Ensemble contre le sexisme : le 25 janvier (et toute l’année)
Depuis 2024, le 25 janvier est la journée nationale de lutte contre le sexisme, instaurée par le Président de la République pour construire une société plus égalitaire.
Qu’est-ce que le sexisme ?
Le Code du travail définit un « agissement sexiste » comme tout comportement « lié au sexe d’une personne, ayant pour objet ou pour effet de porter atteinte à sa dignité ou de créer un environnement intimidant, hostile, dégradant, humiliant ou offensant ».
Cela peut prendre la forme de blagues, remarques dévalorisantes, mises à l’écart, stéréotypes ou attitudes qui enferment chacune et chacun dans des rôles imposés.
Pourquoi une journée de mobilisation ?
Les inégalités et les violences à l’encontre des femmes résultent de rapports de domination profondément enracinés dans nos sociétés. Déconstruire les stéréotypes, c’est :
- libérer les parcours
- favoriser le respect mutuel
- permettre à toute la société de bénéficier de l’ensemble des talents
Tous les ans, le Haut Conseil à l’Égalité remet son rapport annuel sur l’état du sexisme en France, basé sur le Baromètre Sexisme.
Le rapport de 2026 alerte sur la montée des discours sexistes et masculinistes, qui ne relèvent plus seulement de pratiques individuelles isolées mais s’inscrivent dans des logiques de mobilisation idéologiques collectives.
Le rapport identifie deux formes de sexisme, le sexisme paternaliste et le sexisme hostile. Le sexisme paternaliste est un sexisme faussement bienveillant du quotidien qui légitime une répartition hiérarchisée des hommes et des femmes.

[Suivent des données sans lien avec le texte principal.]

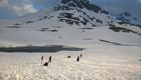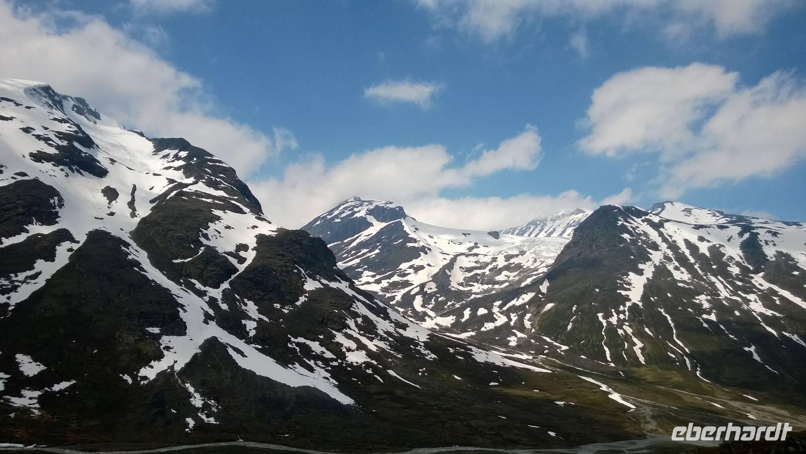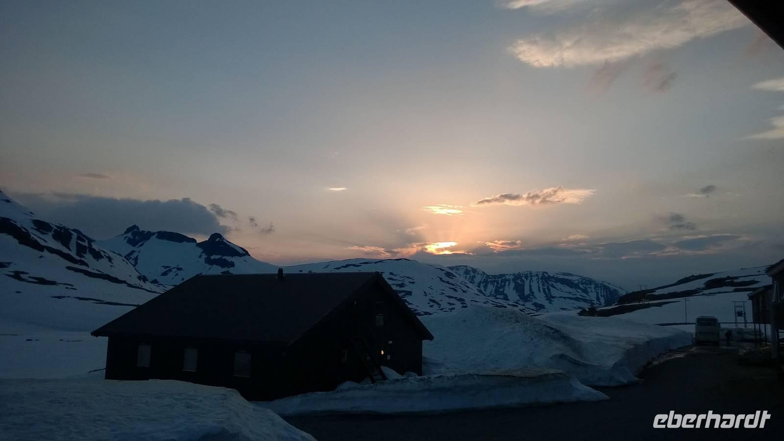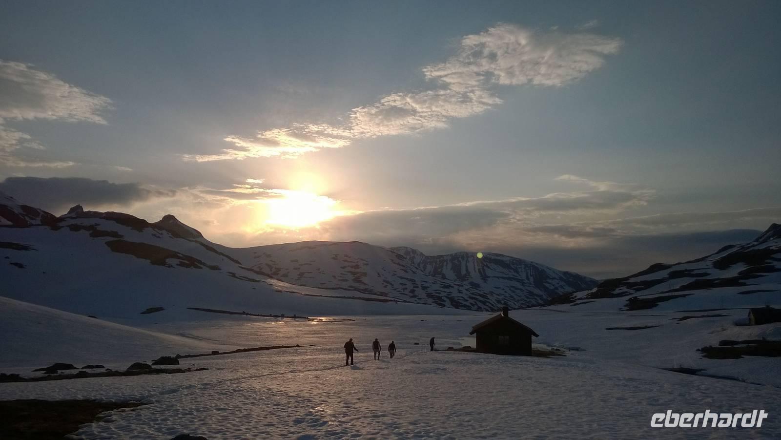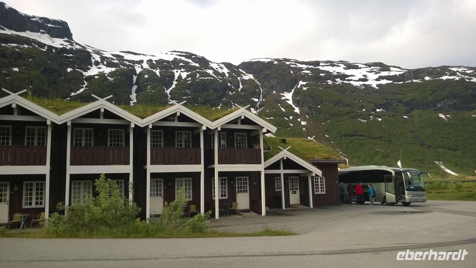 Aber schon bald führt uns die Reise gen Norden. Noch herrschen hochsommerliche Temperaturen. In Lom können wir noch einmal nach der Besichtigung der Stabkirche Sonne tanken und Eis schlecken. Aber schon 26 km später sieht das Eis ganz anders aus - waschechtes Eis und richtiger Schnee erwarten uns in den Bergen. Plötzlich biegt der Bus von der Panoramastraße „Sognefjellsvegen" scharf nach links ab, der Weg wird eng und holprig. Das sieht eher nach einem Witz aus! Hier sollen wir lang? Mit dem Bus? Eine Schranke wird für uns geöffnet und weiter fahren wir immer weiter nach oben, immer weiter in die Berge hinein. Schafe tummeln sich am Wegesrand, ab und an abenteuerlustige Camper, ansonsten keine Spuren mehr von Zivilisation. Schon die Anfahrt zu unserem Hotel ist ein kleines Abenteuer. Und als wir dann letzten Endes ankommen, stockt uns der Atem, so schön ist es hier! Die Berge, der Schnee, dazu scheint die Sonne und es ist warm! Nach dem Abendessen setzen wir doch tatsächlich eine Schnapsidee in die Tat um: Wir bauen Trolle aus Schnee und machen ein (unvollständiges) Gruppenfoto mit drei Trollen. Was für ein Spaß! Und was für ein schöner Blick!

Le sexisme hostile est un sexisme violent, se traduit par une hostilité envers les femmes et peut inclure des attitudes agressives ou dévalorisantes.
- 17% des personnes de 15 ans ou plus adhèrent au sexisme hostile.
Dans le Grand Est, l’État agit concrètement : Les services de l’État dans la région Grand Est agissent pour lutter contre ces stéréotypes dans tous les domaines de la vie, à l’école, au travail, dans le sport, la culture et les médias :
- Plus de 40 collèges et lycées sont labellisés « égalité filles-garçons » : ce label de l’Éducation nationale vise à promouvoir le respect et l’égalité entre les sexes sans les collèges et lycées, publics et privés sous contrat, en luttant contre les stéréotypes et en encourageant la mixité dans les parcours scolaires et professionnels.
- Les « Trophées de la mixité des métiers » valorisent les parcours sans stéréotypes : créés avec le ministère du travail, ils récompensent celles et ceux qui œuvrent pour ouvrir le champ des possibles. L’Agence nationale pour la formation des adultes (AFPA) agit pour faire progresser l’égalité en formant des femmes et des hommes dans des métiers où ils sont sous-représentés, souvent en forte tension.
- Les Malles de l’égalité dans la Marne, contribuent à sensibiliser dès le plus jeune âge : ces coffrets ludiques et pédagogiques (jeux, livres, contes, vidéos, activités, livret pour les professionnels de l’enfance) sensibilisent les enfants de 3 à 10 ans à l’égalité filles-garçons, pour lutter contre les stéréotypes et encourager le respect mutuel.
- Le festival vosgien « Le temps de meufs » est dédié à la création d’événements artistiques au féminin en partenariat avec l’État (direction régionale des affaires cultures Grand Est.
L’égalité se construit dès l’enfance, à l’école, dans le monde du travail et dans la culture.